RAW DATA
#####

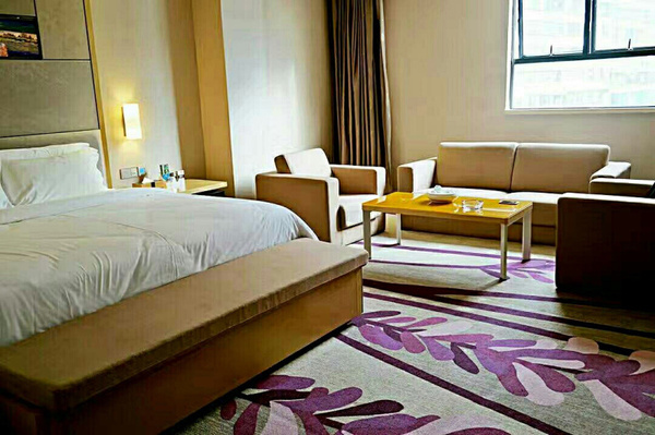 豪华套房的房间很大,有点类似于一房一厅的格局,是那种舒适的公寓型。一张舒适的大床,床尾部分的模式和高星级酒店的床铺一致。而靠近窗户的位置,则有一个大大的沙发区域,桌上摆放着简单的茶具,即使是商务会谈,这一间也很足够啦! 麗枫酒店(汕头珠池路火车站店)
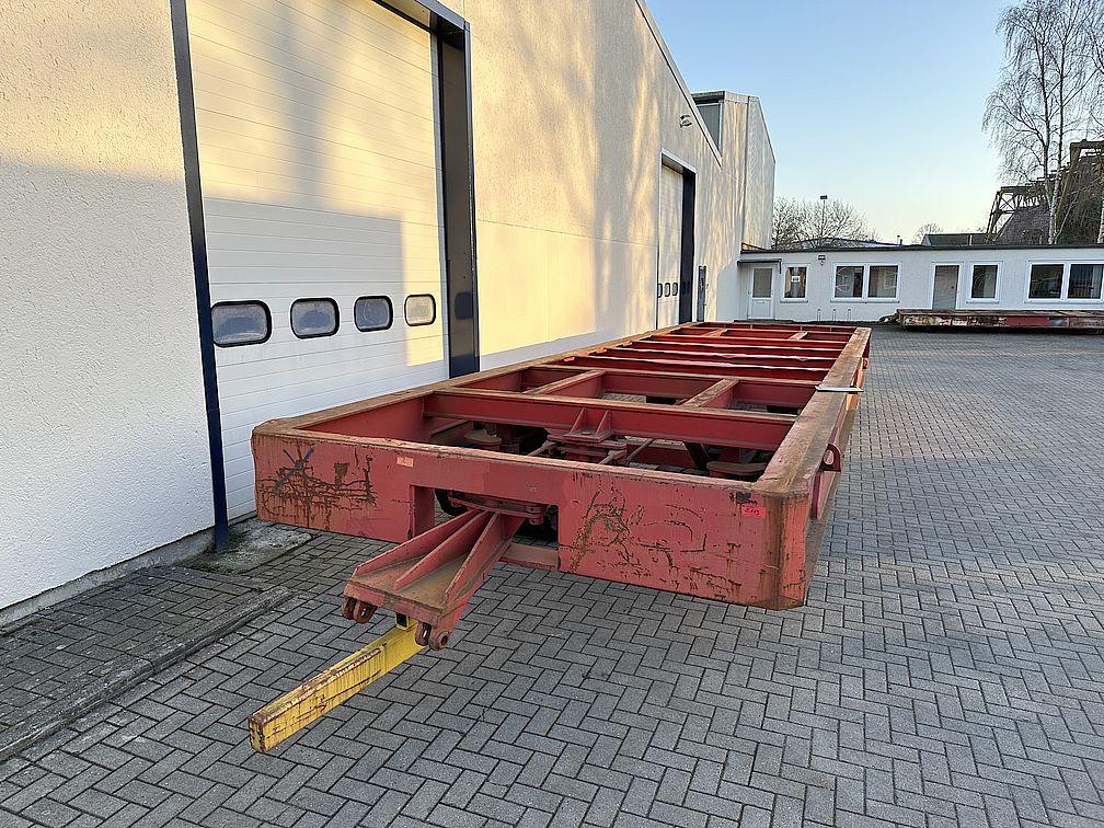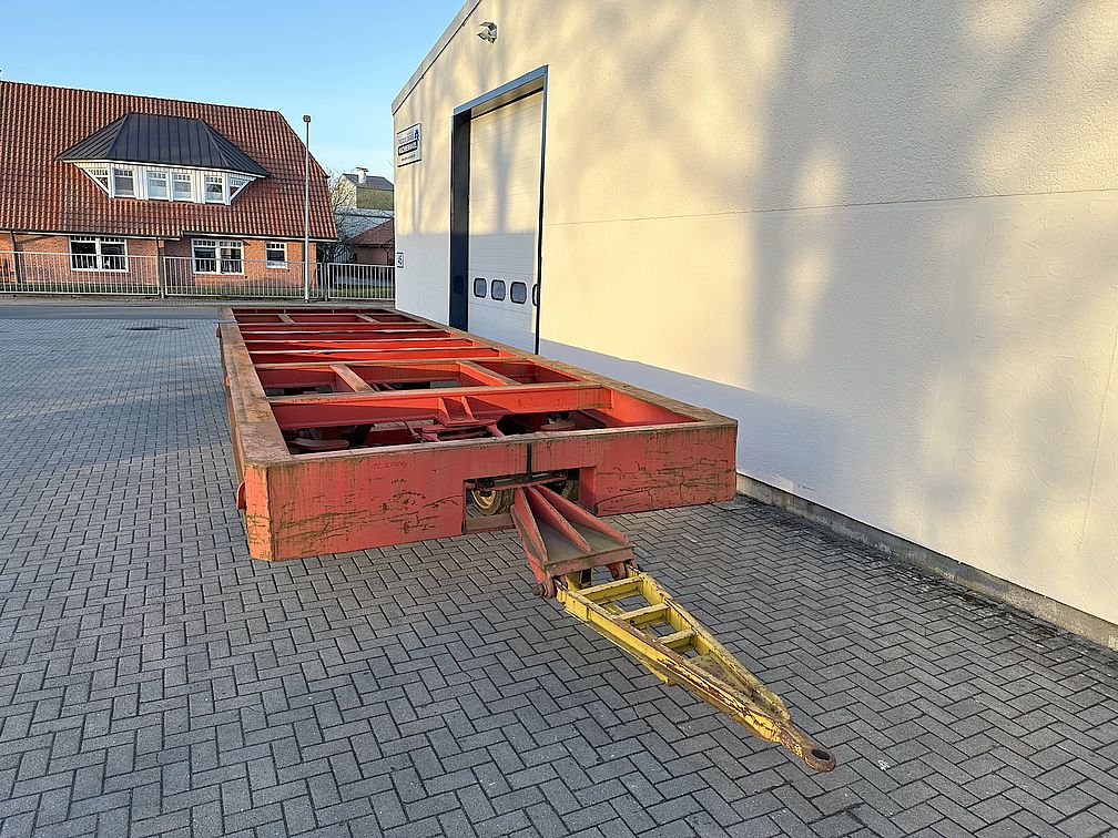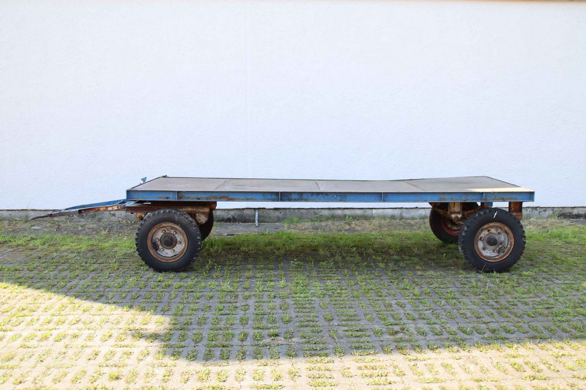 Platform trolley, transport trolley, heavy-duty trolley, industrial trailer, container dolly, heavy-duty trailer -Heavy-duty transport wagon: Industrial trailer with single-axle turntable steering -Platform: 10000/2500/H1030 mm -Load capacity: 16 t -Tires: 250-15 industrial pneumatic tires -Number: 2 heavy-duty transport trolleys available -Price: per piece -Transport dimensions: 11600/2500/H1030 mm -Weight: 3080 kg
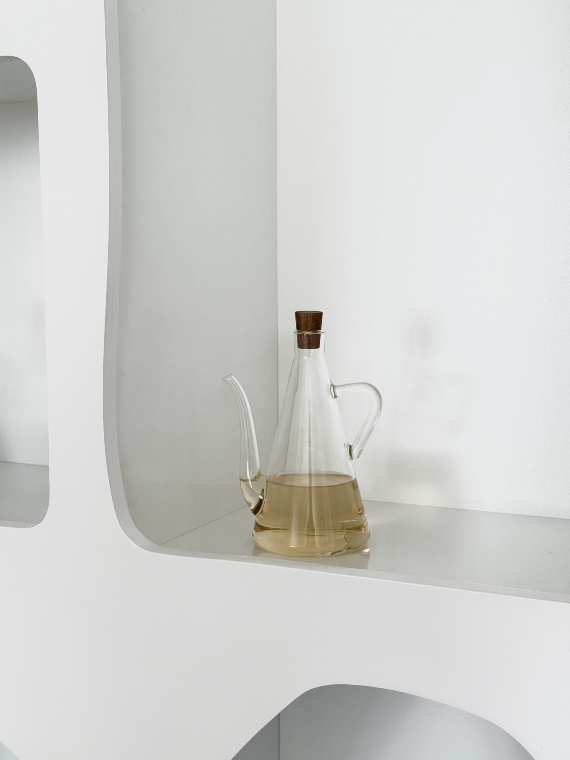 Zarafetin ve işlevselliğin kusursuz birleşimi olan bu 500 ml hacmindeki cam yağdanlık, mutfağınıza estetik bir dokunuş katıyor. İnce el işçiliğiyle tasarlanmış, şeffaf cam gövdesi sayesinde içindeki sıvının berraklığını ve doğallığını gözler önüne seriyor. Ahşap tıpası, doğanın sıcaklığını yansıtarak rustik bir zarafet sunarken, şık ve ergonomik tutma sapı, kullanım kolaylığı sağlıyor. İnce ve zarif ağzı, yağı damlatmadan akıtmanıza yardımcı olurken, her detayında sadelik ve şıklık hissini barındırıyor. Sofralarınıza ve mutfak tezgâhlarınıza asil bir dokunuş katan bu yağdanlık, hem dekoratif hem de işlevsel bir obje olarak öne çıkıyor.

#####

Give every line above again exactly, with no pictures.

 豪华套房的房间很大,有点类似于一房一厅的格局,是那种舒适的公寓型。一张舒适的大床,床尾部分的模式和高星级酒店的床铺一致。而靠近窗户的位置,则有一个大大的沙发区域,桌上摆放着简单的茶具,即使是商务会谈,这一间也很足够啦! 麗枫酒店(汕头珠池路火车站店)
 Platform trolley, transport trolley, heavy-duty trolley, industrial trailer, container dolly, heavy-duty trailer -Heavy-duty transport wagon: Industrial trailer with single-axle turntable steering -Platform: 10000/2500/H1030 mm -Load capacity: 16 t -Tires: 250-15 industrial pneumatic tires -Number: 2 heavy-duty transport trolleys available -Price: per piece -Transport dimensions: 11600/2500/H1030 mm -Weight: 3080 kg
 Zarafetin ve işlevselliğin kusursuz birleşimi olan bu 500 ml hacmindeki cam yağdanlık, mutfağınıza estetik bir dokunuş katıyor. İnce el işçiliğiyle tasarlanmış, şeffaf cam gövdesi sayesinde içindeki sıvının berraklığını ve doğallığını gözler önüne seriyor. Ahşap tıpası, doğanın sıcaklığını yansıtarak rustik bir zarafet sunarken, şık ve ergonomik tutma sapı, kullanım kolaylığı sağlıyor. İnce ve zarif ağzı, yağı damlatmadan akıtmanıza yardımcı olurken, her detayında sadelik ve şıklık hissini barındırıyor. Sofralarınıza ve mutfak tezgâhlarınıza asil bir dokunuş katan bu yağdanlık, hem dekoratif hem de işlevsel bir obje olarak öne çıkıyor.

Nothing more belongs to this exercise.